Step 5: Mini-batch training with NeighborLoader
For graphs that do not fit comfortably in memory, use sampled mini-batches:
from tgraphx import NeighborLoader, fit
loader = NeighborLoader(
g,
num_neighbors=[10, 5], # 2-hop sample: 10 first-hop neighbors, 5 second-hop
batch_size=64,
seed=42,
)
history = fit(
model=model,
graph=g,
loader=loader,
train_mask=train_mask,
val_mask=val_mask,
epochs=20,
lr=2e-3,
)
print(history.metrics_per_epoch[-1])
fit runs a standard training loop and returns a history object with per-epoch metrics. There is nothing magical — under the hood it is a PyTorch loop you could write yourself.

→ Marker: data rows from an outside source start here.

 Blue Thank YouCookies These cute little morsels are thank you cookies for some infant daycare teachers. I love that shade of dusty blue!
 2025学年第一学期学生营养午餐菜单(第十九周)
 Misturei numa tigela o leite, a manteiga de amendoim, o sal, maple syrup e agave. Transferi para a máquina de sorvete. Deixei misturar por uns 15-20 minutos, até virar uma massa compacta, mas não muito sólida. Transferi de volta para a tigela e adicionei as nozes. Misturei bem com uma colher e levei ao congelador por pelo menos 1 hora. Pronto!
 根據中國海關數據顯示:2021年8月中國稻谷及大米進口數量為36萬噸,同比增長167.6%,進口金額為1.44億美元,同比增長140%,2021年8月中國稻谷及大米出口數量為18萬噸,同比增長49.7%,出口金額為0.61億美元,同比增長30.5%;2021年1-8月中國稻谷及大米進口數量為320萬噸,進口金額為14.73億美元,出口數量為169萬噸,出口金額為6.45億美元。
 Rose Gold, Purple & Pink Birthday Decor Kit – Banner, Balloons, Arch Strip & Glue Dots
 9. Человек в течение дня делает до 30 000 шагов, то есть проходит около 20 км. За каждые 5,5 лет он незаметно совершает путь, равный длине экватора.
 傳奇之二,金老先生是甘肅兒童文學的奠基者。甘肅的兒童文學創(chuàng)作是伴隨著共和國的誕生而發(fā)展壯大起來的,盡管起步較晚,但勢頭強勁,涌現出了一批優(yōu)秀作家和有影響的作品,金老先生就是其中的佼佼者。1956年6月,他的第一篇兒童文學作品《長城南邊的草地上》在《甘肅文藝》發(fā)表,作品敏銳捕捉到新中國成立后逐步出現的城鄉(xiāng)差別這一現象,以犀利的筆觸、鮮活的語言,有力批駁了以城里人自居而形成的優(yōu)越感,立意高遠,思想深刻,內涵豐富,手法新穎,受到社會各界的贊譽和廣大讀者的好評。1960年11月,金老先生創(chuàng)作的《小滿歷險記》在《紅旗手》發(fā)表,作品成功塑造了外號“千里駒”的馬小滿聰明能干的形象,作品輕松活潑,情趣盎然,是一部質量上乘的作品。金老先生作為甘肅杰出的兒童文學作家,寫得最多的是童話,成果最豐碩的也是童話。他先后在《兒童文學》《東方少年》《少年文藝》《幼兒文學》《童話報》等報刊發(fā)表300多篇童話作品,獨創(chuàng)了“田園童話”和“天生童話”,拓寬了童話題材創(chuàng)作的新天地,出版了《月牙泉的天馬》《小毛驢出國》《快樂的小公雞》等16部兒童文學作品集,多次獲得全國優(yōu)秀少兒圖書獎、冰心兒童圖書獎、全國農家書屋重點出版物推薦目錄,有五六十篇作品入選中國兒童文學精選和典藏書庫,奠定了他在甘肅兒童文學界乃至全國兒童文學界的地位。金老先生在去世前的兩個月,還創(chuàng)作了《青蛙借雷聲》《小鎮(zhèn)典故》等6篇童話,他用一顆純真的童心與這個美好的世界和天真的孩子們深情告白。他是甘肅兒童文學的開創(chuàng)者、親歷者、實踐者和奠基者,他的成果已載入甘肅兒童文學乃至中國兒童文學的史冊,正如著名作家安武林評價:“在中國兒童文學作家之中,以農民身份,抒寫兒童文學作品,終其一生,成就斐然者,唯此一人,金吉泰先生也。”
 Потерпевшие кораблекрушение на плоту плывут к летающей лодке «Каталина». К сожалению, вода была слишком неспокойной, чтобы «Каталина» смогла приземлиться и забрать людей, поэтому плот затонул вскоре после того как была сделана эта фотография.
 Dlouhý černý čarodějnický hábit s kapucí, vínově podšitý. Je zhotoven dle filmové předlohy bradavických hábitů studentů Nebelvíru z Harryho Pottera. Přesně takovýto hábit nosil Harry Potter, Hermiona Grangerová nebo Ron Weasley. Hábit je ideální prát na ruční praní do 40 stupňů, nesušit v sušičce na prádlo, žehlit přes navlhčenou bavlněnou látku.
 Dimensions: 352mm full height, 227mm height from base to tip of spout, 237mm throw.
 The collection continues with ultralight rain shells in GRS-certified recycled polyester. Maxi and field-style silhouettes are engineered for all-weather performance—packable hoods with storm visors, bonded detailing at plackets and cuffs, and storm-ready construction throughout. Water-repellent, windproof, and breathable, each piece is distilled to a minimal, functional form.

Step 6: Save the experiment
The .tgx format preserves rank-4 tensors and metadata that GraphML cannot:
g.save("runs/exp_001/graph.tgx")
torch.save(model.state_dict(), "runs/exp_001/model.pt")
You can later load with tgx.Graph.load("runs/exp_001/graph.tgx").
Step 7: Reproducibility
Wrap the entire experiment in a reproducibility context so the run can be reproduced bit-for-bit on the same hardware:
with tgx.reproducible(seed=42, deterministic=True):
# construct, train, evaluate
...
This seeds Python's random, NumPy, and PyTorch RNGs. With deterministic=True, CUDA operations also run deterministically (slower, but bitwise repeatable). A reproducibility_report.json is written alongside other run artifacts.
Common mistakes
Mixing vector-only layers with tensor inputs. GCNConv, GATv2Conv, and APPNP expect rank-2 input. If you pass a [N, 3, 8, 8] tensor to them, you get a shape error. Use build_model(..., layer="conv") or pick a tensor-aware layer explicitly.
kNN graph on huge x. tgx.knn_graph is O(N²). For very large N, either sample first or pre-compute edges from a different similarity proxy.
Not validating before training. A mismatched edge index causes opaque errors at runtime. tgx.validate_graph(g, strict=True) catches them in milliseconds.
Assuming tensor features improve accuracy by default. They preserve spatial structure. Whether that structure is useful depends on your task. Benchmark against a flat-vector baseline before committing.
FAQ
Q: How does NeighborLoader interact with tensor-valued node features?
A: The sampler operates on edge_index. The node features are gathered for the sampled subset and preserved in their original shape. No flattening is done implicitly.
Q: What is RandomBalancedPartitioner for?
A: It is used by ClusterLoader for graph partitioning when training on graphs too large for NeighborLoader. See docs/cluster_gcn.md in the TGraphX repo for details.
Q: Can I export to a standard format like GraphML?
A: For flat-vector graphs, yes — TGraphX has GraphML I/O for that case. For tensor-valued nodes, GraphML cannot represent the data, so use .tgx.
Q: What happens if validation fails mid-experiment?
A: tgx.validate_graph(g, strict=True) raises a ValueError with a description of the violation. In non-strict mode it returns a result object with ok=False and a list of issues.